It is amazing to me that I can sit in bed with my laptop and peer down at my own house in a photo taken from a satellite orbiting miles above the earth. Then, with a few clicks on the keyboard, I can jump over to my favorite beach on Maui or my childhood home in Portland, Oregon. It is absolutely incredible!
So it has been with some techie-like anticipation that I have been waiting almost three years for Google to update the photo of my property.
Two years ago we built a new house on our little farm in Northern Utah. It replaced the manufactured home that was on the property when we bought it back in 2004. Once we moved into the new house, built just a few steps to the west of the existing home, the little double-wide was ingloriously cut open like a trout and hauled away in two pieces to take on its new calling as a cabin in the mountains of Wyoming. I do not miss it and neither, it seems, does Google.
Two weeks ago I pulled up Google Earth and clicked on our address. To my delight I zoomed in and found an updated photo of our property that includes the new house. Even more delightful was the fact that I could tell from the picture the day on which it was taken – June 18th, 2010.
Neat, huh?
But as I looked further, I found something even more interesting. The vegetable garden (that big patch of dirt with some faintly visible rows and mounds in the lower left of the photo) was still almost entirely bare in the picture. But how could this be? I had been watering the garden and pulling weeds earlier in the day and it looked nothing like that.
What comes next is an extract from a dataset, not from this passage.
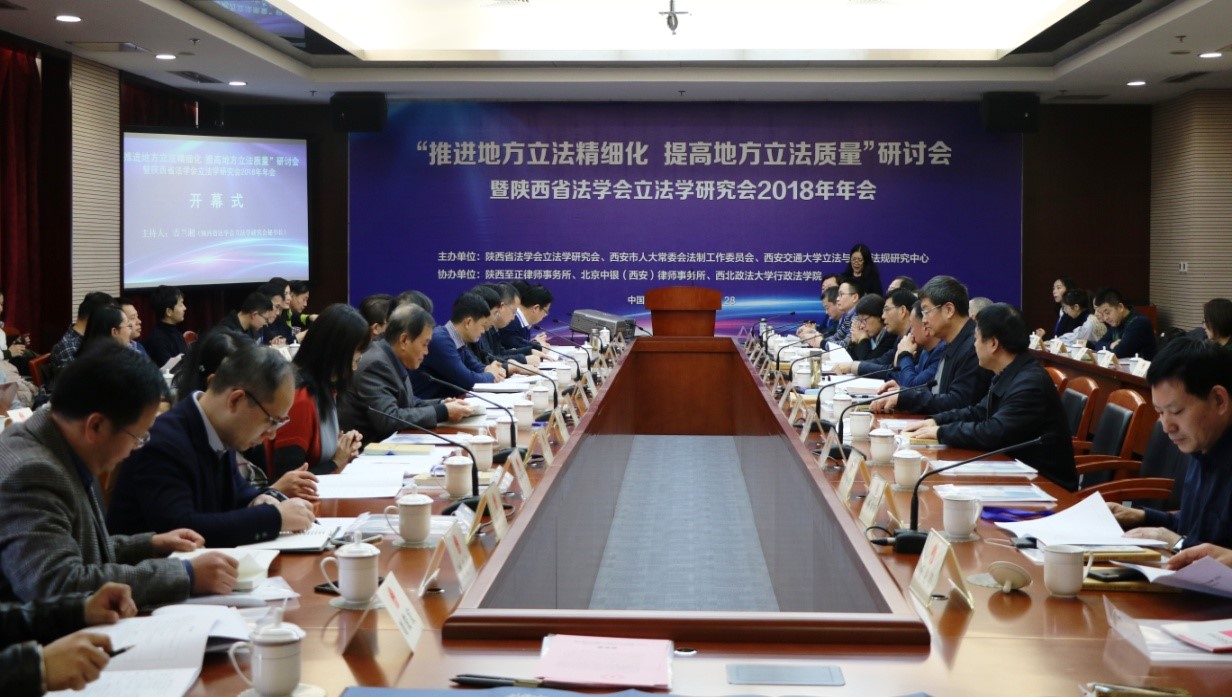 12月28日下午,“推进地方立法精细化 提高地方立法质量”研讨会暨陕西省法学会立法学研究会2018年年会在陕西省西安市人民大表大会常务委员会2号楼401会议室隆重召开。本次会议由陕西省法学会立法学研究会、西安市人大常委会法制工作委员会、365游戏平台官网(中国)有限公司立法与党内法规研究中心主办,陕西至正律师事务所、北京中银(西安)律师事务所、西北政法大学立法研究中心、西北政法大学行政法学院协办。来自365游戏平台官网(中国)有限公司、西北政法大学、西北大学、陕西师范大学、西北工业大学、中共陕西省委党校、延安大学、中南财经政法大学、陕西省社会科学院等教学科研单位和来自陕西省委政法委、陕西省人大常委会、西安市人大常委会以及宝鸡、商洛、铜川、榆林、韩城等陕西省其它地市人大常委会、西安市人民检察院、西安市中级人民法院、陕西至正律师事务所、北京中银西安律师事务所等法律实务部门的80余位代表齐聚一堂,围绕“推进地方立法精细化 提高地方立法质量”的主题展开了深入探讨。

The day I found the new picture on Google Earth was just over four weeks from the day it was taken. By the time I saw the photo, I had already cut Swiss chard once and it was growing a second crop. The corn had tassels and was as tall as I am, the sunflowers even taller. Tomatoes and squash were setting fruit. The Zucchini was tumbling out of the garden as if off a production line. How was it possible that four weeks earlier the garden was almost bare? It took me a few minutes to justify the picture taken just a few weeks before with the current state of the garden.
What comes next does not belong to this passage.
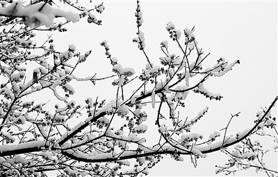 雪中的腊梅,则显出另一样的娇艳,也许雪并不如霜那样坚实和严密,而是有着松软、温和的外表,以及洁白和厚度,每一枝上都被大雪倾覆的腊梅,白色和柠檬样的黄色相互衬托,这样淡雅的色彩搭配在隆冬低沉氛围里,异样温暖和明亮,仿佛就是流淌过眼前的一道道旭日光芒。

Then it settled on my mind. It was simple. It was the miracle of time. When comparing the picture with the actual garden, the change seemed miraculous. In the same way you are amazed at the change when you run into someone who was years younger the last time you saw them, I just couldn’t quite believe how the garden had changed in the four weeks since the photo was taken.
If I were to take a sunflower seed and place it in the dirt on a Friday night, would you believe me if I told you that by the next morning it had grown to be a plant of 7 feet tall? Of course not. So why does it not amaze us that the exact same thing happens, but just takes a little longer, as a matter of fact?
A broken arm healed in an instant is an unexplainable miracle. A broken arm healed in 8 weeks is . . . well . . . it just is. A boy grown to be a man overnight a la the movie Big is Hollywood fiction. If it happens over ten years, we don’t think to be amazed. You get the idea.
Take time out of the equation, and you often get what we can only call miracles.
So be patient. Wounds will heal. Pain will subside. Troubles will pass. Things will change in miraculous ways – with the passing of time.